[Data block — start]
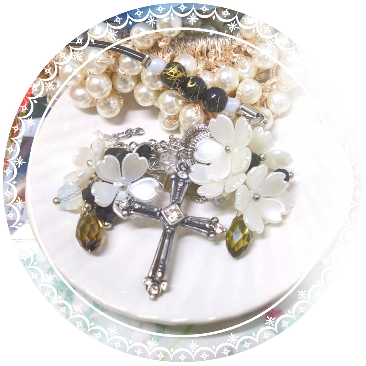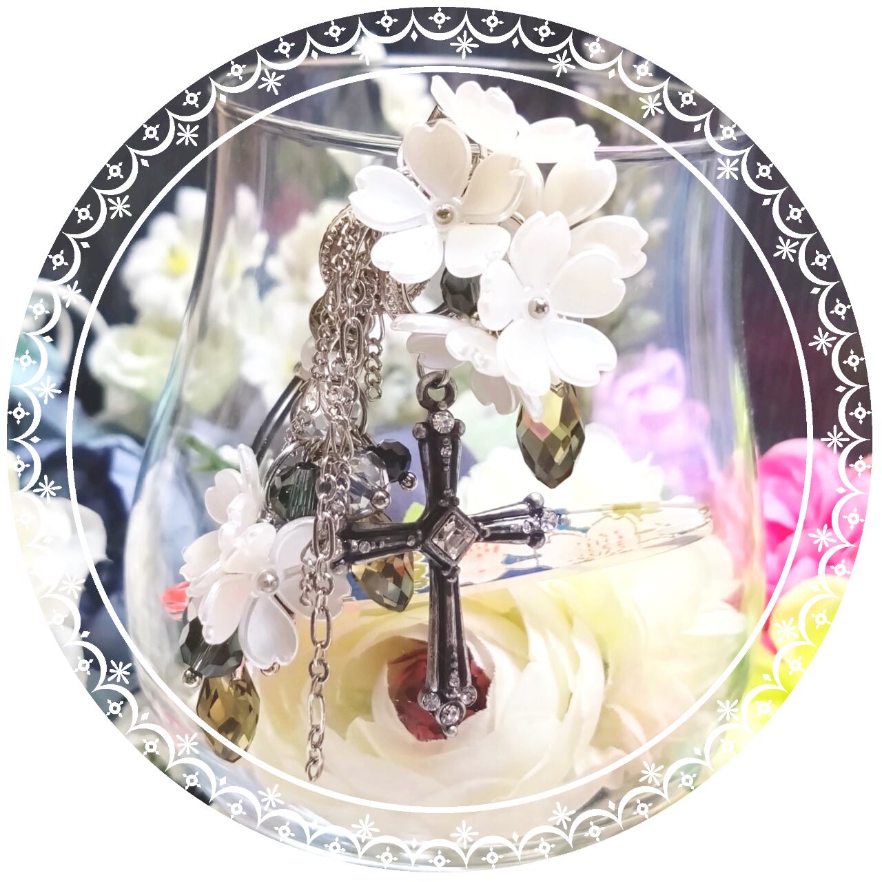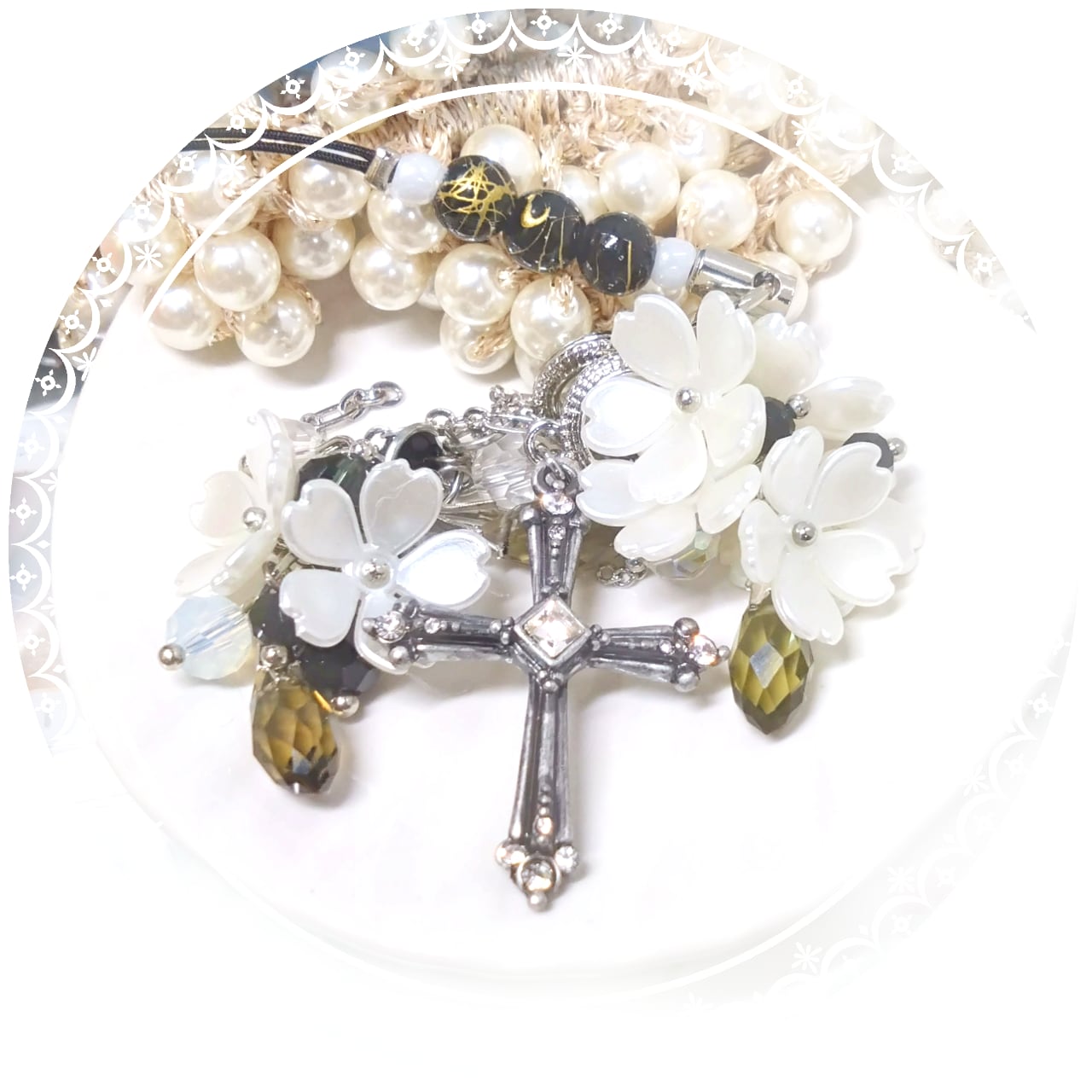 月白色の桜を重ねグレージュカラーのガラスビーズを挿し色に
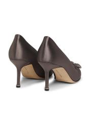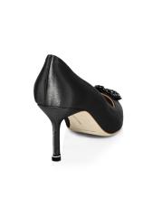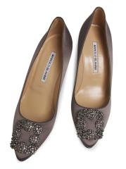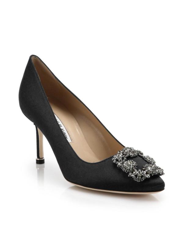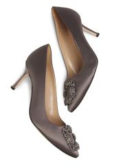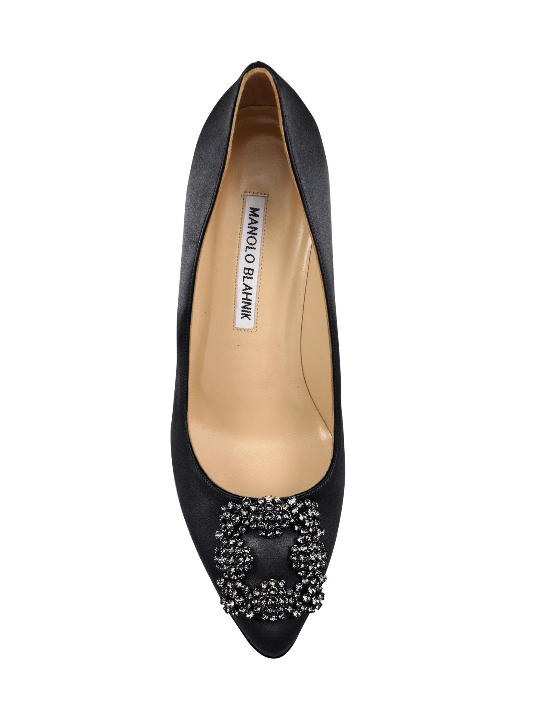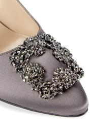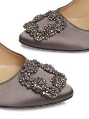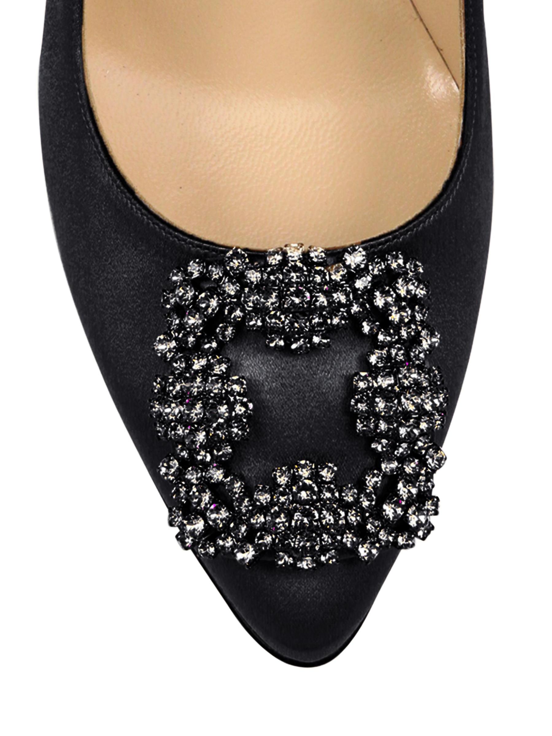 حذاء Hangisi من Manolo Blahnik مصنوع من الساتان اللامع ويتوّج بإبزيم مربع من الكريستال اللامع.
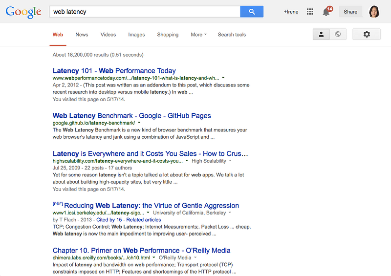 Google really took this design insight to heart. While Braun’s design principle was “Less but better” and Muji’s was to “bring calm to people’s stressful lives”, Google’s main design principle has always been “Fast”. This principle has informed every design decision, and is reflected throughout the experience. For example, we show how long it takes to serve a search result. We strip away the page of clutter so users can better focus on the results. We know from human interface research that black text against a white background provides the best contrast for reading text on screens, thus enabling people to get to their destination faster.
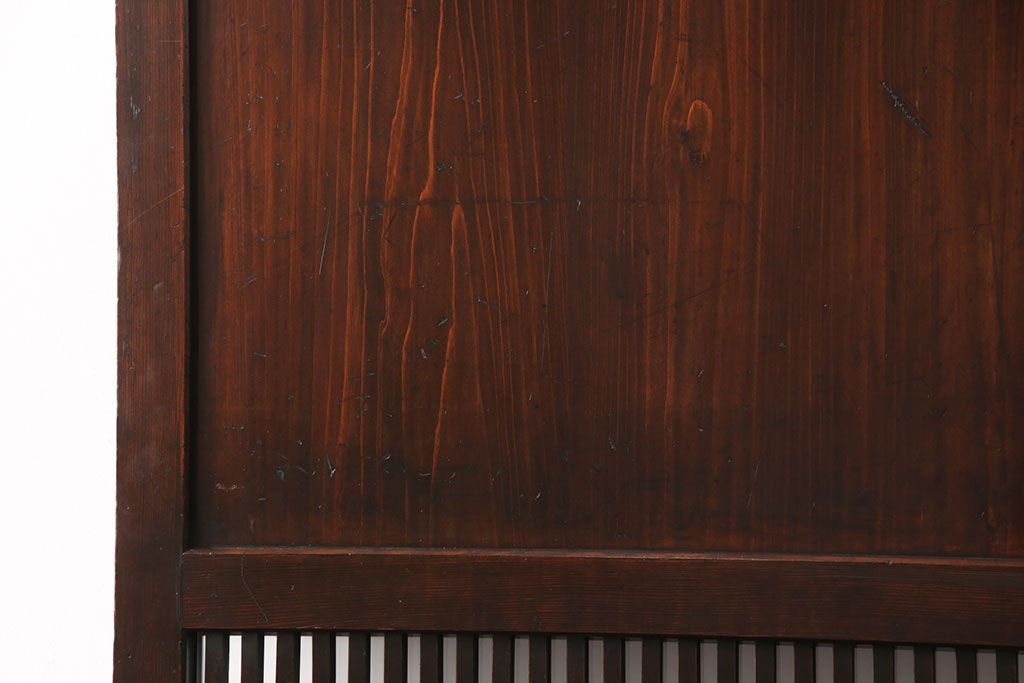ドア・建具> 板戸・帯戸 > 大正期の格子帯戸をリペア&カスタム!設置場所に合わせてリサイズし、吊り戸仕様に加工。格子裏面にガラスを取り付け。濃い茶色で着色し仕上げ。(引き戸、建具)
[Data block — finish]
## What the task asks
Beginning with the line containing "Google really took" and ending with the last line of the data above, repeat each line exactly. Include no pictures and no other lines.

## Result
 Google really took this design insight to heart. While Braun’s design principle was “Less but better” and Muji’s was to “bring calm to people’s stressful lives”, Google’s main design principle has always been “Fast”. This principle has informed every design decision, and is reflected throughout the experience. For example, we show how long it takes to serve a search result. We strip away the page of clutter so users can better focus on the results. We know from human interface research that black text against a white background provides the best contrast for reading text on screens, thus enabling people to get to their destination faster.
ドア・建具> 板戸・帯戸 > 大正期の格子帯戸をリペア&カスタム!設置場所に合わせてリサイズし、吊り戸仕様に加工。格子裏面にガラスを取り付け。濃い茶色で着色し仕上げ。(引き戸、建具)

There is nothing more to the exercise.